NBP gas prices rose sharply on Wednesday following further gains made across the U.S. Henry Hub gas market and increased risk of severe weather conditions for Europe.

22 January 2026

Gas Market

NBP gas prices rose sharply on Wednesday following further gains made across the U.S. Henry Hub gas market and increased risk of severe weather conditions for Europe. Arctic weather conditions have swept through the U.S. Midwest and North East, driving fears around disruptions to LNG feedgas flows. With the adverse weather expected to persist into next week, the front month Henry Hub contract has increased by 57.1% over the past two sessions. In Europe, the likelihood of a sudden stratospheric warming, a weather event that causes severe winter weather, occurring in February has increased, suggesting gas demand levels could rise significantly in the coming weeks. With forecasts also suggesting a lower wind view over the same period, the front month contract increased by 9.73p to close at a 7-month high of 103.68p per therm. With gas-for-power demand levels remaining elevated in the short-term and storage levels diminishing, the Day ahead contract also posted a significant day-on-day gain of 13.10p to settle at 105.10p per therm.

Power Market

The GB Baseload front month contract rose sharply on Wednesday, supported by well-below-average wind output forecasts and a bullish NBP gas market. The February 26 contract increased by £8.60/MWh, or 8.7%, day-on-day to settle at £107.35/MWh.
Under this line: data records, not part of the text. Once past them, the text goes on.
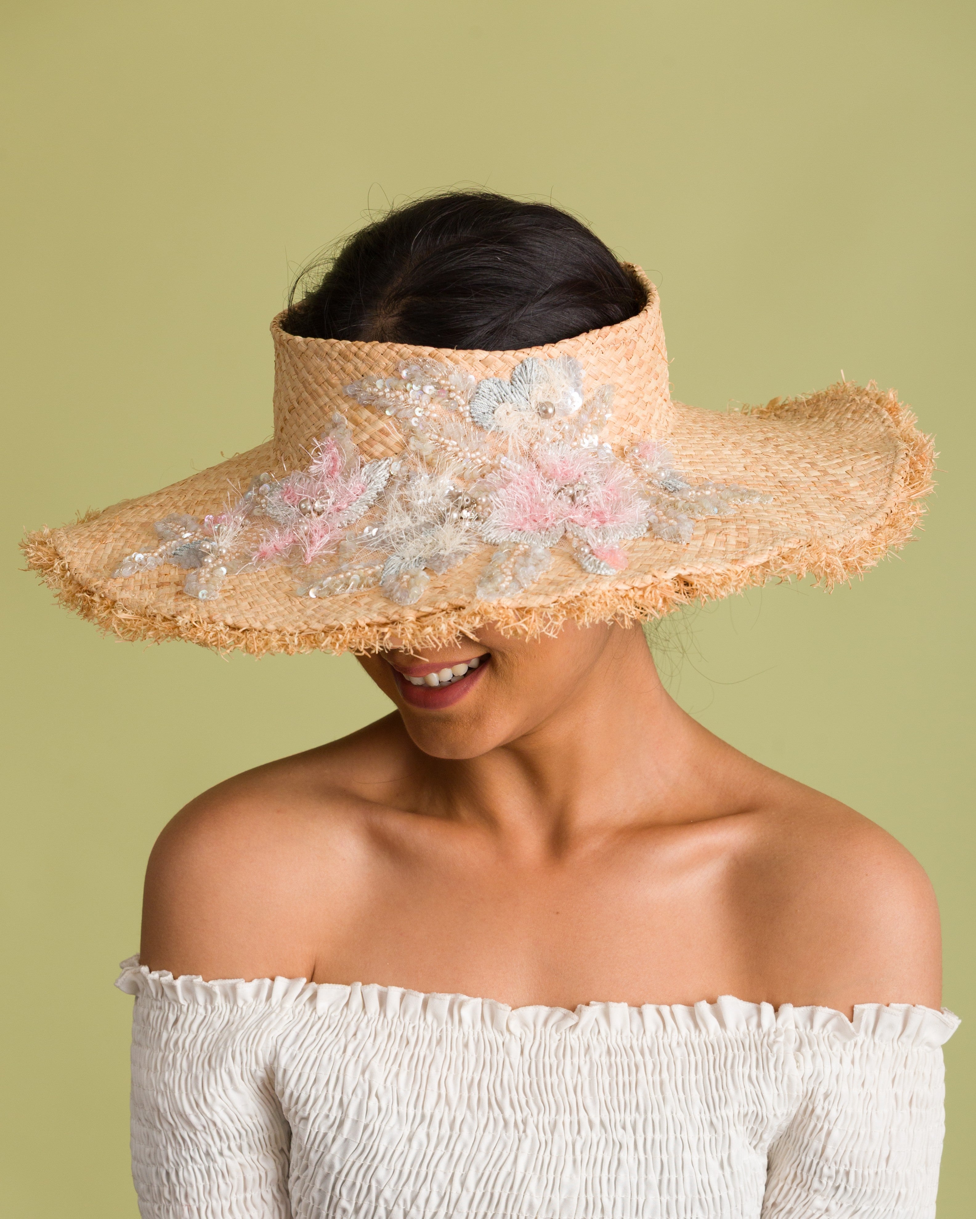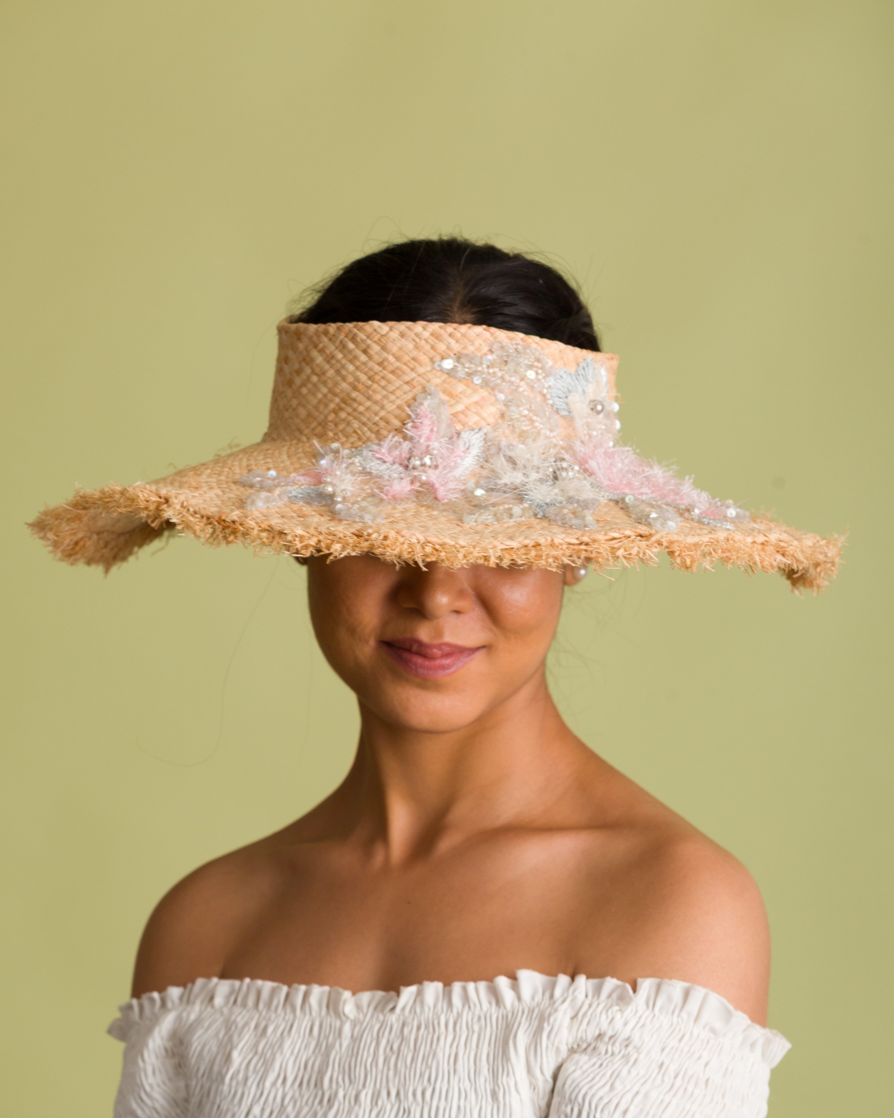 Enhance your ensemble with this one-of-kind versatile rollable visor sun hat. This handmade fashionable and sophisticated headpiece is designed to elevate the overall look styled for various occasions, such as semi formal summer events, beach parties or stylish informal outings.
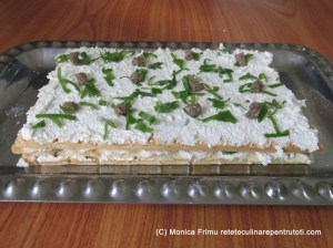 – pt. umplutură- 500 g brânză de vaci, 400 g vișine din compot, 4 ouă, 500 ml lapte, 50 g zahăr praf, 1 plic zahăr vanilat; în plus 100 g unt topit și zahăr praf
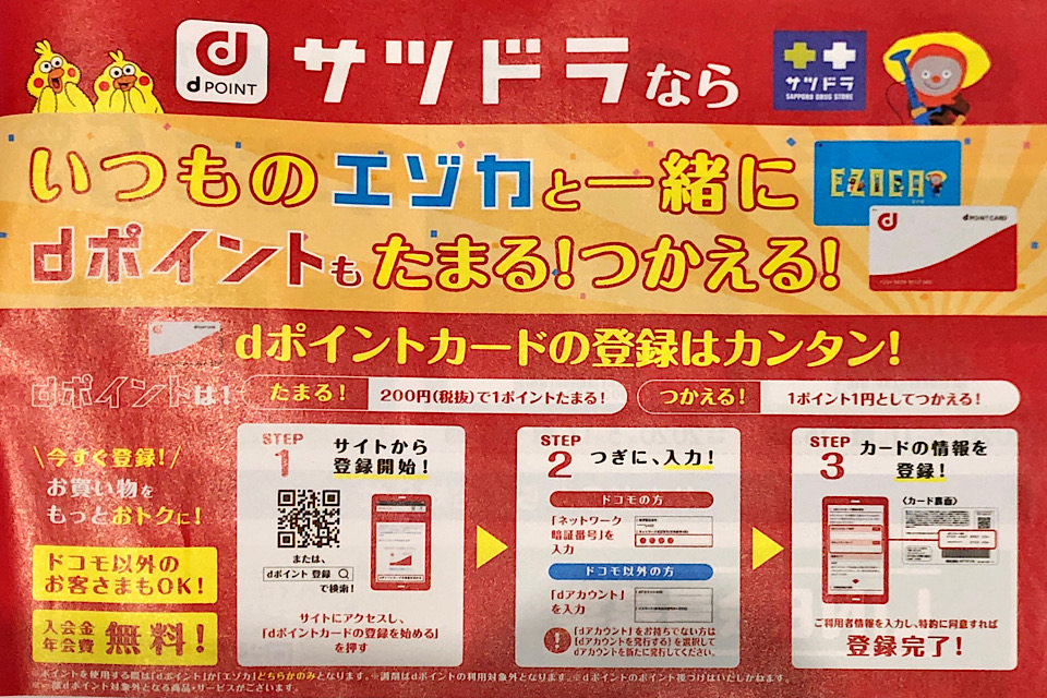 サツドラでのお買い物は、エゾカと一緒にdポイントも出すと、両方ポイントが貯まっておトクですよ!
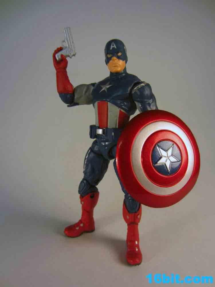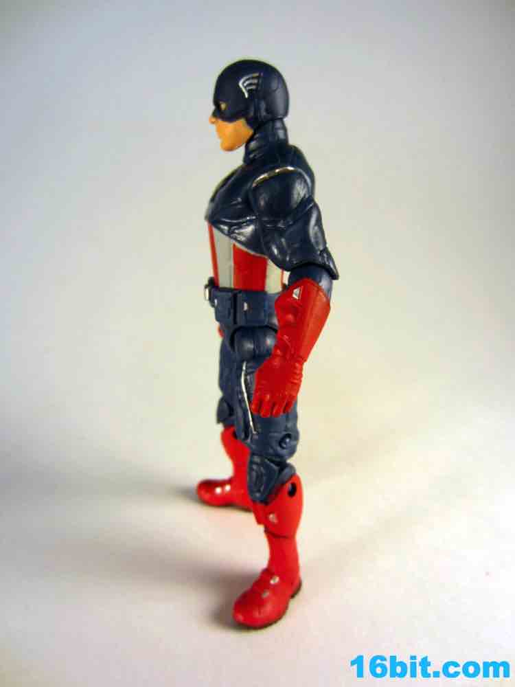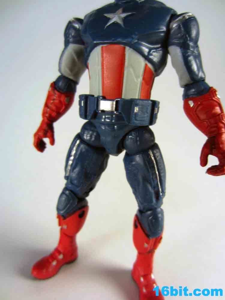 So that's what you hardcore fans probably wanted to know... but already know. So what about the schmucks like me who just want a decent Steve Rogers figure? This one's pretty good, because he looks good and has a shield. He also has a strange level of articulation, with a ton of unique leg joints but no wrists, no ankles, and no waist. 13 total joints await you, and they do a pretty good job of keeping the sculpt nice and clean. A waist joint would have been nice, I admit, I was actually hoping it might have a spring-loaded shield-smashing action. (For the record, the only figure with any spring-loaded gimmick in the set is Hulk.)

In contrast, the prompt market eased on above normal wind levels forecast for the rest of the week, coupled with slightly warmer temperatures. The Day ahead contract shed £2.60/MWh to close at £87.99/MWh. Strong gains across wholesale gas markets on Wednesday supported European carbon markets, retracing the losses made over the previous two sessions. European Allowances for Dec 26 rose by €2.17 to settle at €87.10 a tonne. Meanwhile, Dec 26 UK Allowances gained £2.75 to close out the session at £67.21 a tonne.

Oil Market

Crude oil markets edged up on Wednesday after U.S. President Donald Trump rolled back on threats to impose tariffs on European countries that refused to support his bid to seize Greenland. The move reduced the risk of an all-out trade war between the U.S. and Europe, which supported the global economic outlook and future oil demand levels. During his speech at Davos, Trump also indicated that he would not use excessive force to take Greenland and that no further military action would be taken in Iran, both of which helped to alleviate recent geopolitical tensions. The front month Brent contract gained just 32 cents by the close to settle at $65.24 a barrel. Meanwhile, the WTI contract for March delivery increased by 26 cents to end the session at $60.62 a barrel.

Markets this morning

The NBP has opened in volatile fashion this morning. Having hit an intra-day high of 110.99p per therm earlier in the session, the contract last went through at 102.00p per therm, 1.68p below last nights close. The market remains tentative to forecasts of severe cold weather conditions during February as well as the declining storage levels. Strong wind levels expected now for the coming days as well as warmer temperatures have eased further upside on the prompt. The Day ahead contract last went through at 102.50p per therm, a decrease of 2.60p on yesterday’s close. Crude oil prices have also eased as the market assesses the supply and demand outlook and the impact of Donald Trump’s comments at Davos.